I fell in love with this genre when I read a book called Junior Year Abroad. I think I was in middle school when I checked it out from the library, and it was probably already old then; I can’t find it on Amazon now. It solidified my love of Europe and my dream to spend a semester abroad myself, which, because of money, I never did. 

But that book was probably why I picked up Frances Mayes’s Under the Tuscan Sun many years later. I thought it was beautifully written, and I loved the glimpses both into owning a home in another country and into everyday life in that country itself. I don’t know how many times I read it and several of her other books about travel. They were slow, quiet, and transforming.

After Tuscany, I discovered Bill Bryson, and my life has not been the same since.

This week, I’ve been re-reading my first Bill Bryson book--Notes from a Small Island. I wish I could remember why I picked this up, but I don’t know. I only know that it is hilarious, and that it lets me experience small-town England in a time when I’m mostly just stuck in my house.

The premise of the book is that before Bryson and his family move back to the States, after 20 years together in England, his wife’s native country, he travels alone around the island, beginning in Dover, where he first encountered Great Britain so many years ago.

In a lesser writer’s hands this might not have worked at all. England’s small towns are not where travel writers always focus, and this might have been a quick ramble through them with notes on a good cup of tea here and there. But under Bryson’s pen, memories emerge, and the present is compared with the past and found, in most instances, to be sorely and hilariously lacking. 

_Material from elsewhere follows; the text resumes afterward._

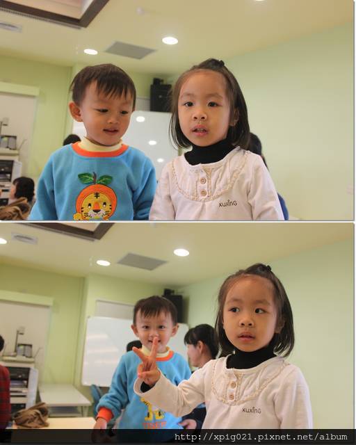 等待開演時間..胖叔叔又播放到體能課教過的歌曲2首..小瑀跟一位小弟弟(應該也是有上體能課地)..開心的跳舞..

I’ve read this book repeatedly and cried with laughter every time. I read the same funny parts out loud to Joe and laugh all over again. Bryson has a knack for attacking the hubris in society, and in himself, and at the same time showing the outstanding beauty and meaning of a place in a way that makes you want to visit it too. As I read Bryson, the world, so big and awesome, gets smaller and even more full of wonder. 

I can’t go to England now, except in this way I’ve gone since childhood, when I read and re-read the library’s biography of William Shakespeare. Travel writers, please keep going. I want to keep seeing what I cannot see alone.